I'm writing a duplicate file finder application, and I do not want to have to read every byte of every file to determine which files are duplicates.
Hard drive storage is segmented into clusters of X number of bytes. For example, on Windows, the average cluster size is 4096 Bytes (or 4K).
Therefore, my current algorithm first groups all the files by size.

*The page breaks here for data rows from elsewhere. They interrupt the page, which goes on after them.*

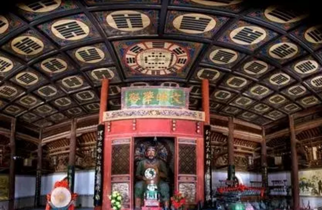 巍然屹立于砖筑月台之上的先天殿又叫正殿、大殿,是伏羲庙的主体建筑。这是我国采用早期“减柱法”建造大屋的成功案例,富含极大的创造性。大殿之内供奉着伏羲彩塑巨像一尊。身着树叶、端然而坐的人祖,体形魁梧,气宇轩昂,双手托着八卦太极图,目光如炬。大殿藻井顶棚的正中是太极河洛八卦图,四周等分为六十四格,格内彩绘六十四卦图。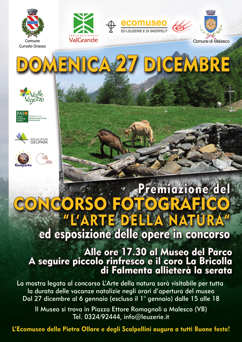 Il concorso fotografico “L’arte della Natura”, il cui tema principale è quello della Bellezza (o arte) della natura e del paesaggio geologico, è stato organizzato dal Comune di Cursolo Orasso, il Parco Nazionale Val Grande, il Comune e L’Ecomuseo di Malesco.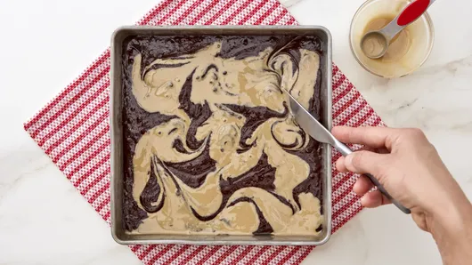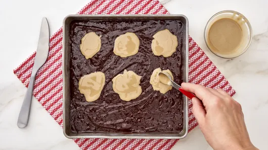 Spoon tahini by teaspoonfuls evenly over brownie batter in pan.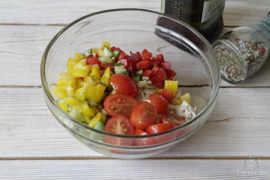 2. Болгарский перец можно взять двух цветов (тогда по половинке) помыть, очистить от семян и нарезать на небольшие квадратики, так же как и свежий огурец.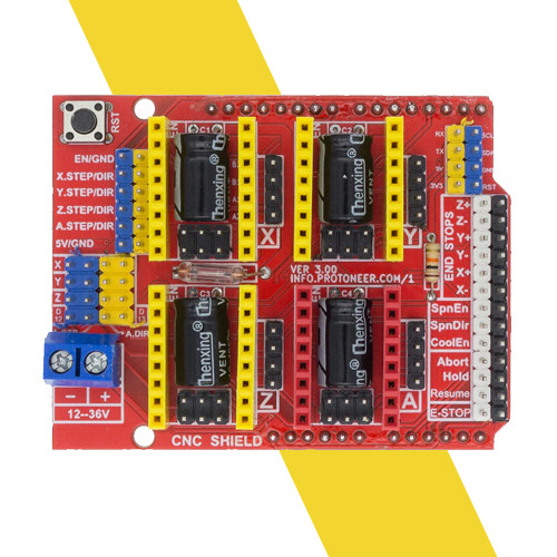 Mạch Arduino CNC Shield V3 GRBL được sử dụng kết hợp với mạch Arduino Uno và Driver động cơ bước (A4988, DRV8825,...) giúp bạn có thể dễ dàng điều khiển động cơ bước, công tắc hành trình để setup hệ thống điều khiển trong các ứng dụng CNC cỡ nhỏ 1 cách dễ dàng, mạch tương thích với phần mềm điều khiển GRBL và có cách sử dụng đơn giản, chất lượng gia công tốt, độ bền cao.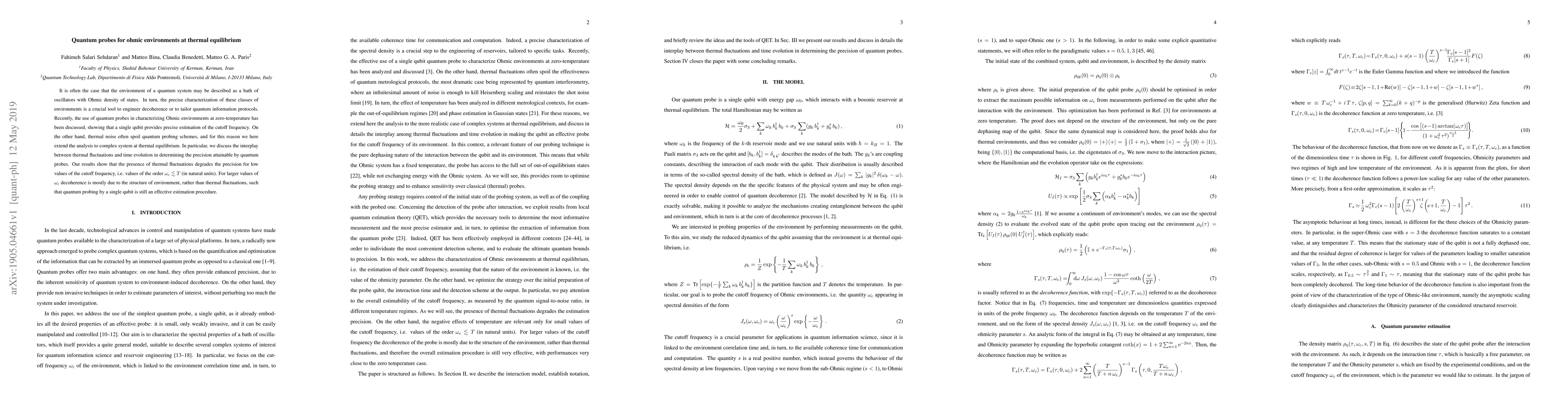 This paper explores the use of quantum probes to characterize Ohmic environments at thermal equilibrium, demonstrating that thermal fluctuations degrade precision for low cutoff frequencies, while high cutoff frequencies remain effectively probed by a single qubit.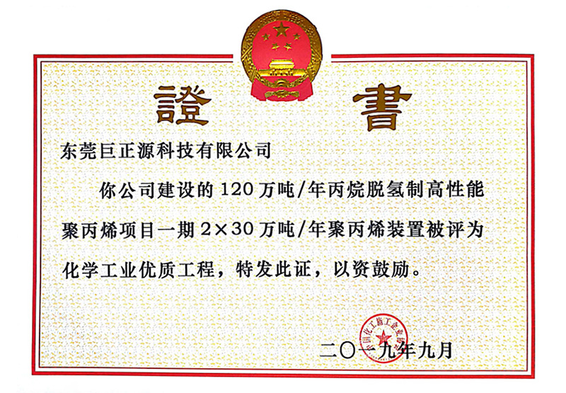 近日,中国化工施工企业协会公布全面提升工程质量创建优质精品工程活动成果。巨正源公司投资建设的“120万吨/年丙烷脱氢制高性能聚丙烯项目”一期2×30万吨/年聚丙烯装置获评全国“化学工业优质工程”。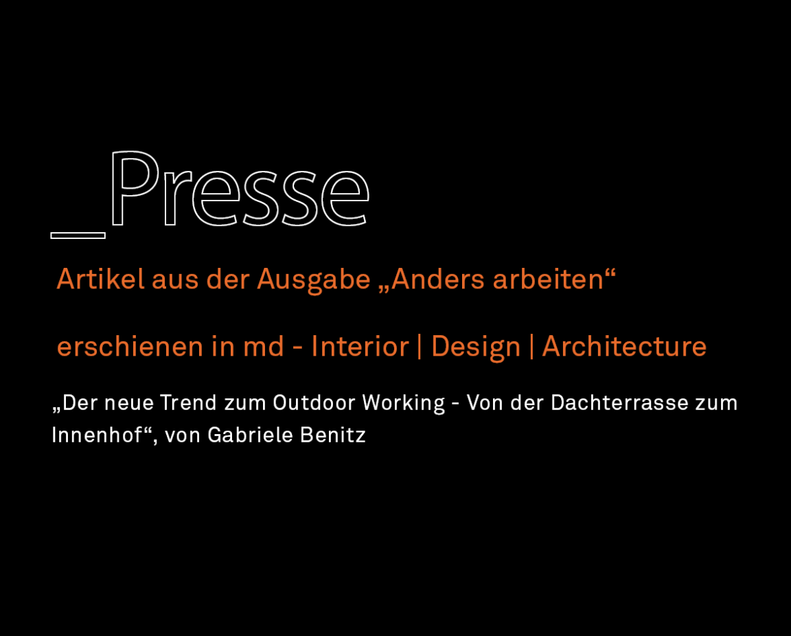 „Der Trend zum Outdoor Working zeichnet sich vor folgendem Hintergrund ab: Kunstlicht, kaum Naturbezug“, in dem Artikel von Gabriele Benitz über den neuen Trend zum Outdoor Working werden die Hintergründe, Vorbilder und Schattenseiten des Trends beleuchtet.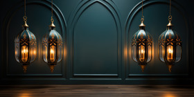 lanterns gold blue background illumination light muslim ramadan eid crescent moon mosque festival hyperrealistic hd decoration decorative captivating ornamental elegance serene serenity magical radiant ambiance night scene lanterns luminosity cultural artistic enchanting night lantern lights beauty vibrant tranquility celebration color atmospheric stylish tranquil traditional glowing lanterns glowing decor festive contrast atmospheric lighting compositionImagine Buddy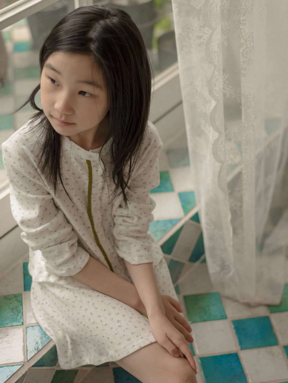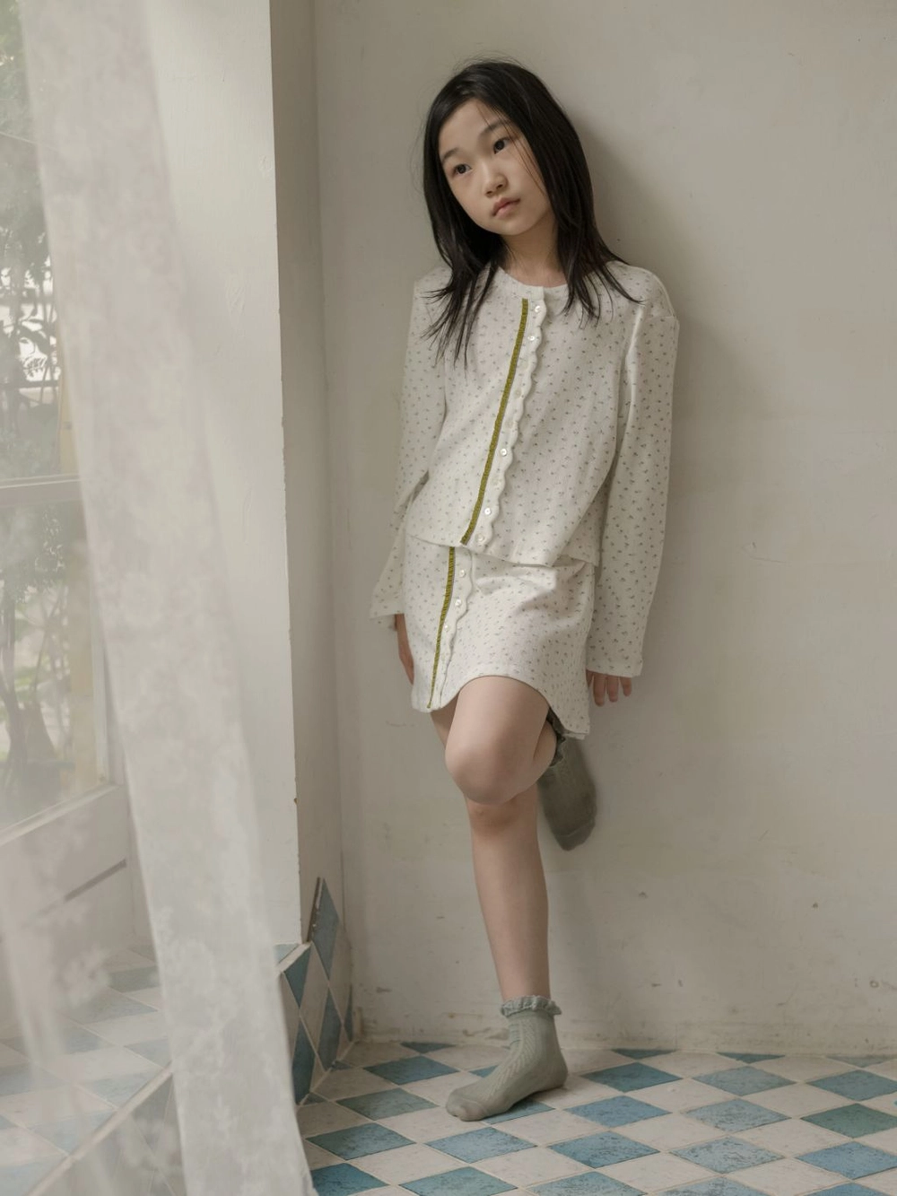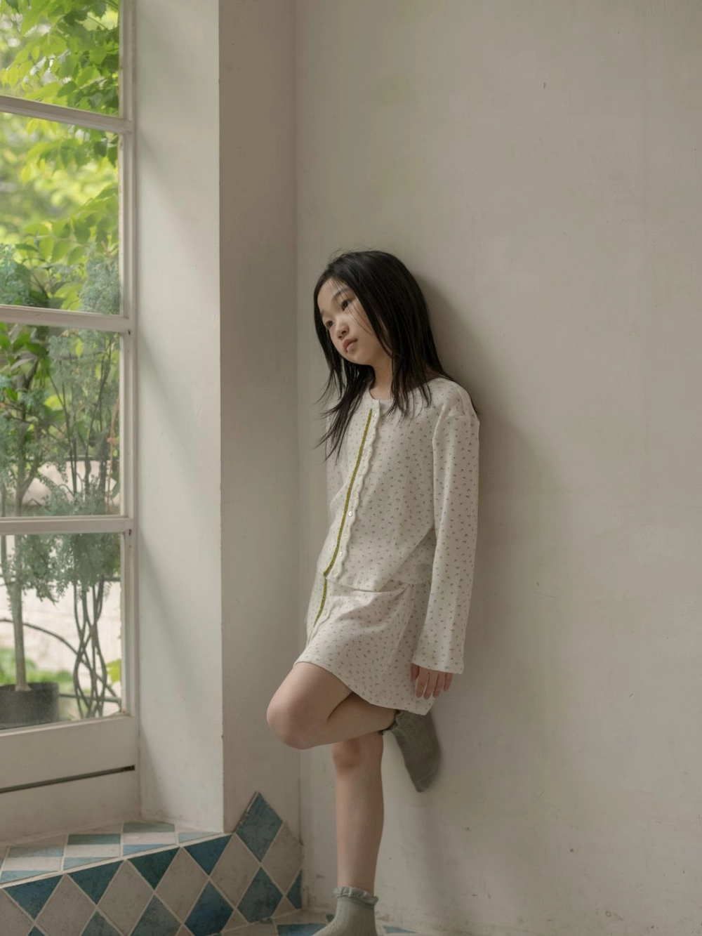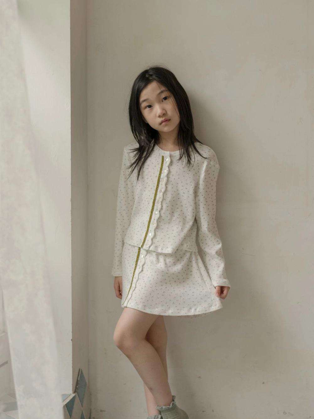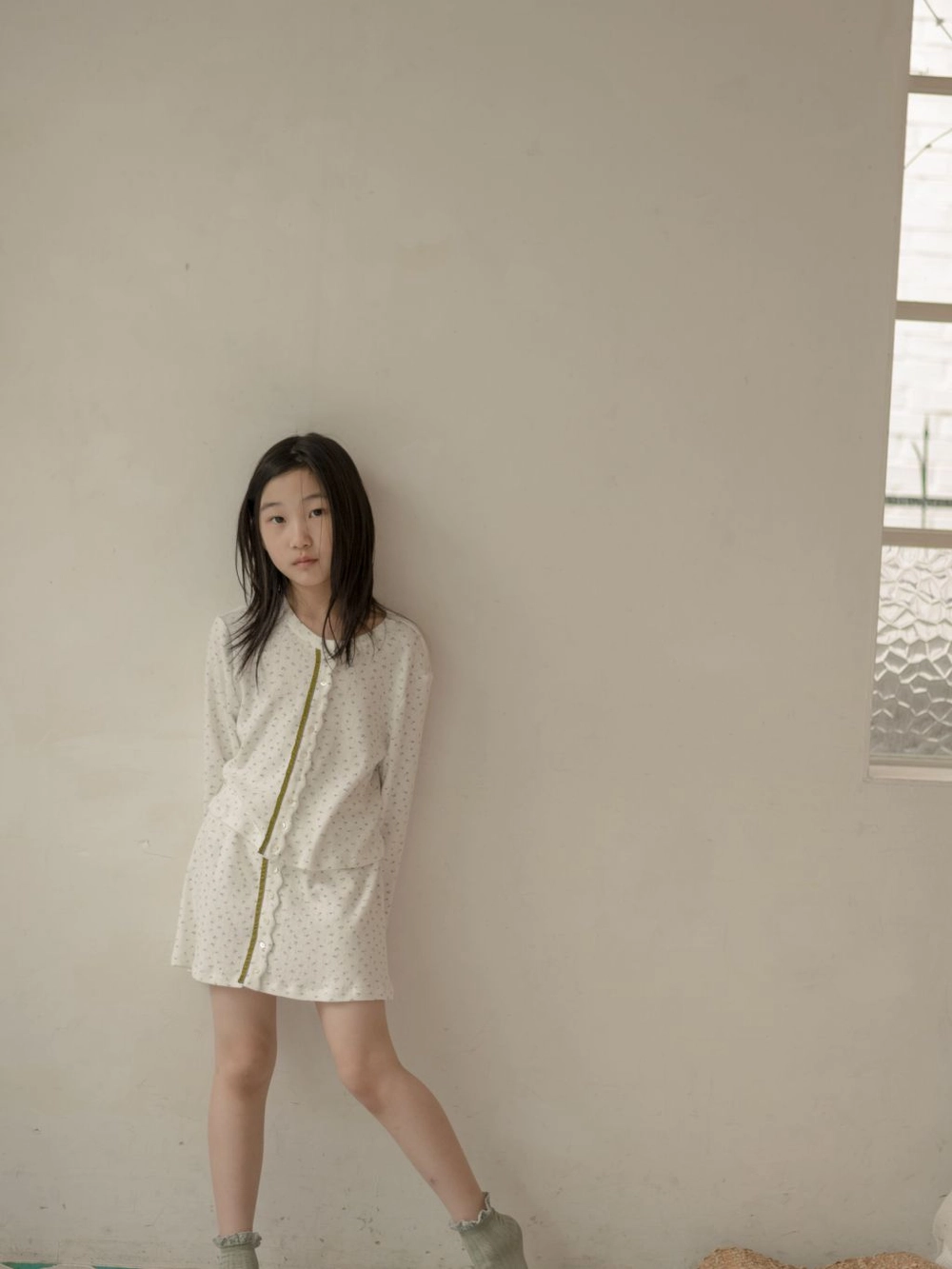 - 모델 신체 사이즈 - 키 135cm, 몸무게 26kg, 가슴 둘레 61.5cm, 허리 둘레 52cm,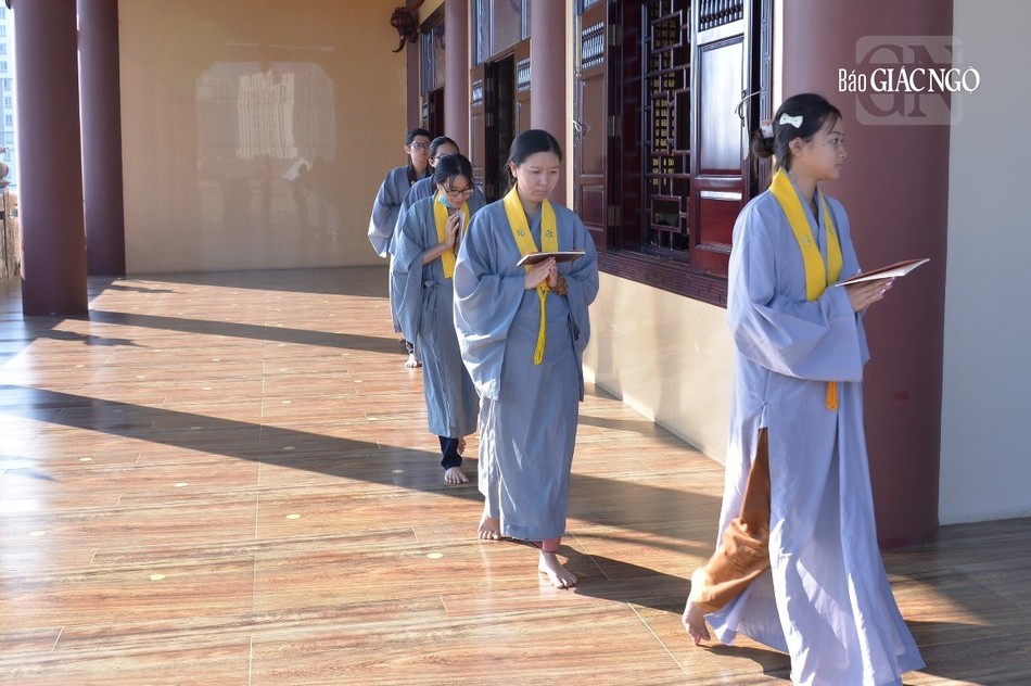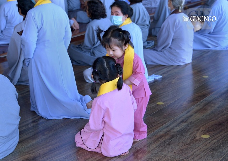 Sau khi được hướng dẫn về oai nghi căn bản của người Phật tử, tại chánh điện chùa Huê Nghiêm, Đại lão Hoà thượng Thích Trí Quảng, viện chủ chùa Huê Nghiêm quang lâm niêm hương bạch Phật, hướng dẫn người phát tâm sám hối và phát nguyện quy y ba ngôi báu là Phật, Pháp và Tăng bảo.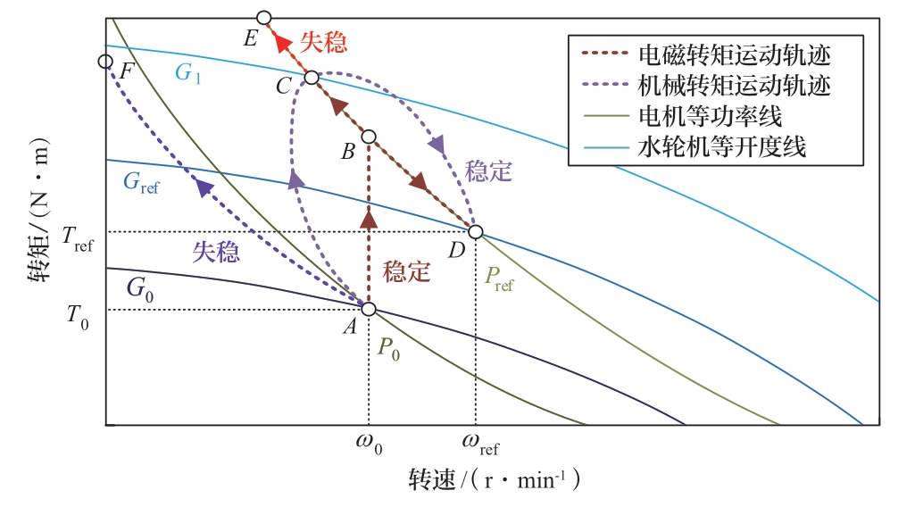 如图4所示,利用水泵水轮机的特性曲线及电机的等功率线,以机组功率指令上升为例论述机组潜在的转速失稳风险。出力调节前机组稳定运行于A点,某一时刻功率指令从P0跃升至Pref,此后变流器快速动作将电磁转矩提升至Pref对应的等功率线上,即B点所在位置。此时制动性质的电磁转矩大于驱动形式的机械转矩,因此机组沿等功率线开始减速。然而,由于电机恒功率控制要求转速与电磁转矩的乘积一定,机组减速过程中电磁转矩反倒上升,进一步加剧了减速的趋势,以此类推形成了潜在的正反馈过程。若调速器动作及时,即机械转矩沿AC变化,则在C点处机组停止减速。随后在调速器控制机组,电磁转矩沿等功率线经CBD达到D点,完成出力的调节。而若调速器不能及时动作,则由于正反馈的存在,转速将一直下跌直至机组失稳,如图中曲线BE、AF所示。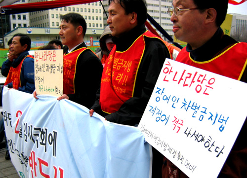 장애인차별금지법제정추진연대(이하 장추련)은 5일 5시 서울 국회 앞 국민은행 앞에서 장추련 소속 회원 30여명이 모인 가운데 '한나라당은 2월 국회 장차법 제정약속을 지키라'며 한나라당 규탄 기자회견을 가졌다.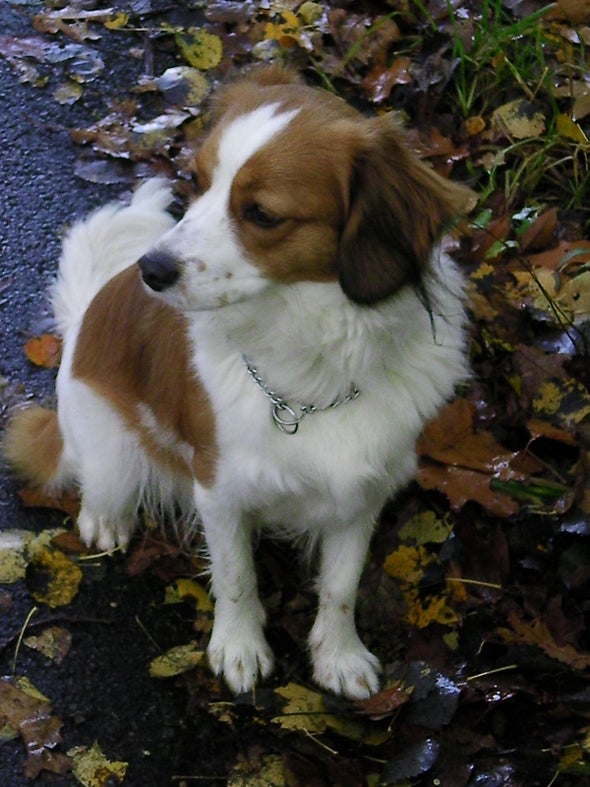 Wandelen vindt ze heel leuk en onderweg vindt ze alles wel heel spannend (mensen, auto’s, andere honden, fietsers, blaadjes enz.)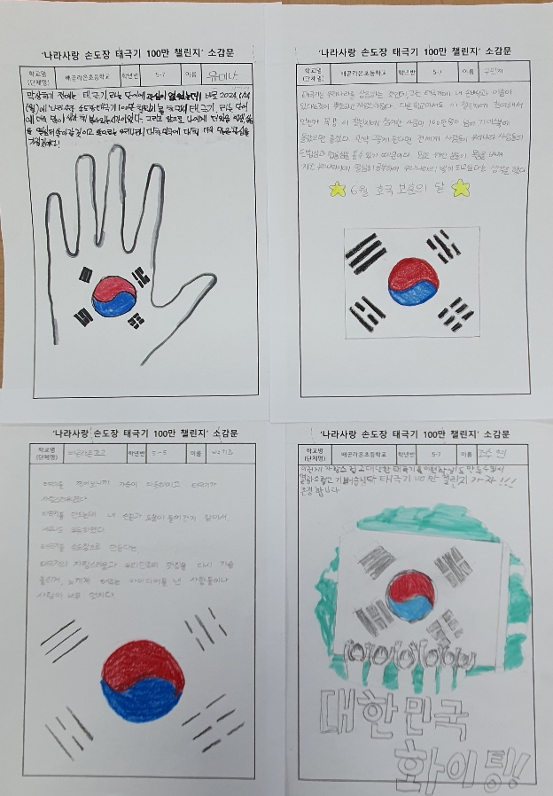손도장 태극기 100만 챌린지를 통해 진정으로 나라를 사랑하고 서로 협동하며 행복하게 성장하는 배곧라온초 교육공동체가 되기를 기대한다.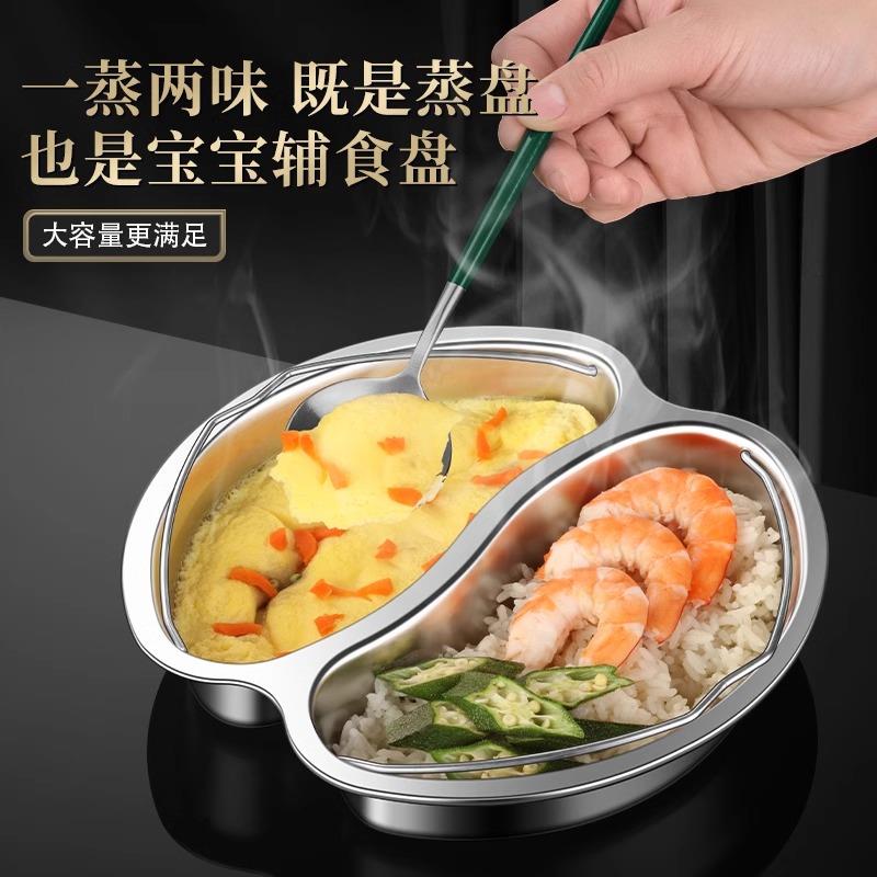 三格不锈钢分餐盘高级感家用减肥大人早餐蒸饭神器蒸米饭分隔蒸盘

Then for each same-size-file-set, I calculate the total number of clusters, then randomly select 5 of these clusters and calculate a hash for each file in that set.
Q1: Five 4K bytes equals a sample size of 20,480. Assuming we can have very large files (i.e., the population size?), how confident can I be that all the files within this set, which have the same hash value are identical?
What I have tried:
Using 2 different online Sample Size calculators, I've calculated the following:
For a Confidence Level of 99.5%, Margin of Error of 1.15%, Population Proportion of 50%, and unlimited population size, I need 20,462 samples, which is very close to the 20,480 samples I'm taking.
The other site, CL: 99%, CI: 0.893, Population: 1 Million; states I need: 20,441 samples.
But these sites talk about taking surveys.
Q2: But do these numbers apply in my case?
Q3: If so, how should I read and apply them?
Q4: Or am I doing some wrong and if so what should I be doing instead?